A 30.5 g sample of an alloy at 94.0°C is placed into 48.7 g water at 20.3°C in an insulated coffee cup. The heat capacity of the coffee cup (without the water) is 9.2 J/K. If the final temperature of the system is 31.1°C, what is the specific heat capacity of the alloy? (c of water is 4.184 J/g×K)

Question

A 30.5 g sample of an alloy at 94.0°C is placed into 48.7 g water at 20.3°C in an insulated coffee cup. The heat capacity of the coffee cup (without the water) is 9.2 J/K. If the final temperature of the system is 31.1°C, what is the specific heat capacity of the alloy? (c of water is 4.184 J/g×K)

Answer 1

[mass alloy x specific heat alloy x (Tfinal-Tinitial)] + [(calorimeter constant x (Tfinal-Tinitial)] = 0

Answer 2

(30.5)(X)(10.8)+(?)(10.8)=0

What number goes in the calorimeter constant ?

Answer 3

9.2 J/K = heat capacity of the coffee cup.

Answer 4

It's still not giving me the right answer. I'm pulling in the numbers, and doing the equation right. But, it keeps telling me, I am wrong.

Answer 5

I didn't include the water and should have done so.

(mass water x specific heat water x (Tfinal-Tinitial)) + (mass alloy x specific heat alloy x (Tfinal-Tinitial)) + Ccal(Tfinal-Tinitial) = 0

Answer 6

so, what is the t final- t initial for ccal?

Answer 7

To find the specific heat capacity of the alloy, we can use the principle of heat transfer. The heat gained by the alloy and the water should be equal to the heat lost by the coffee cup.

The heat gained by the alloy can be calculated using the formula:

Q_alloy = m_alloy * c_alloy * ΔT_alloy

Where:
Q_alloy is the heat gained by the alloy
m_alloy is the mass of the alloy (30.5 g)
c_alloy is the specific heat capacity of the alloy (unknown)
ΔT_alloy is the change in temperature of the alloy (final temperature - initial temperature)

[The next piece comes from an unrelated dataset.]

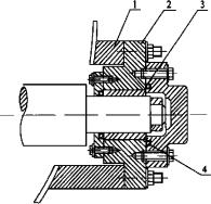 老產(chǎn)品的軸承檢修困難。由于各個軸的軸承體均焊在外殼上,設備運行一定時間后軸承及密封件需要更換時,密封件無法取出,使軸系維修產(chǎn)生困難。設備改造成SF型后軸系部分采用圖2所示結構。 這種結構型式在軸承及密封件需要更換時,可將右端支承體部分取下,更換密封件,而選用O型密封圈密封不僅減少了摩擦力,而且密封效果也更理想。
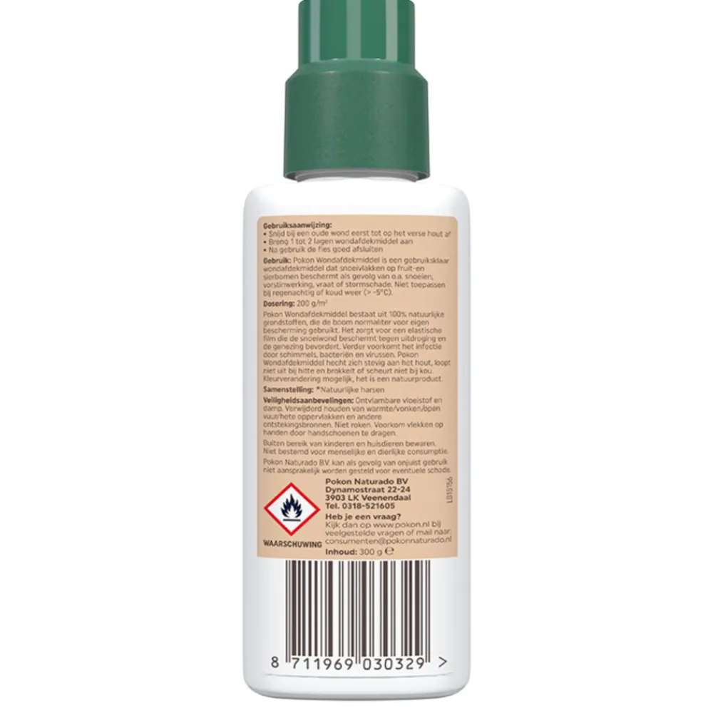 Pokon Wondafdekmiddel beschermt snoeiwonden effectief tegen uitdroging en infecties. Het middel vormt een elastische film die zich stevig aan het hout hecht en de genezing bevordert. Pokon Wondafdekmiddel voorkomt infecties door schimmels, bacteriën en virussen. Het is ideaal voor fruit- en sierbomen die je gesnoeid hebt. Dankzij de handige kwastdop breng je het product eenvoudig aan op de snoeiwond. Het middel droogt snel en is bestand tegen zowel hitte als kou, zonder uit te lopen of te scheuren. Kleurverandering is mogelijk, aangezien het een natuurproduct betreft.

The heat gained by the water can be calculated using the formula:

Q_water = m_water * c_water * ΔT_water

Where:
Q_water is the heat gained by the water
m_water is the mass of the water (48.7 g)
c_water is the specific heat capacity of water (4.184 J/g×K)
ΔT_water is the change in temperature of the water (final temperature - initial temperature)

Since the coffee cup is insulated, it does not gain or lose any heat, so the heat lost by the cup is zero:

Q_cup = 0

The total heat gained is equal to the total heat lost:

Q_alloy + Q_water = Q_cup

Substituting the formulas and values:

m_alloy * c_alloy * ΔT_alloy + m_water * c_water * ΔT_water = 0

We are given the values for m_alloy (30.5 g), m_water (48.7 g), ΔT_water (31.1°C - 20.3°C), c_water (4.184 J/g×K), and ΔT_alloy as the final temperature (31.1°C) minus the initial temperature (94.0°C).

Using this equation, we can solve for c_alloy:

c_alloy = - (m_water * c_water * ΔT_water) / (m_alloy * ΔT_alloy)

Plugging in the values and calculating:

c_alloy = - (48.7 g * 4.184 J/g×K * (31.1°C - 20.3°C)) / (30.5 g * (31.1°C - 94.0°C))

c_alloy = - (48.7 g * 4.184 J/g×K * 10.8°C) / (30.5 g * (-62.9°C))

c_alloy = - (217.201 J * °C) / (-1941.45 J)

c_alloy = 0.1118 J/°C

Therefore, the specific heat capacity of the alloy is approximately 0.1118 J/°C.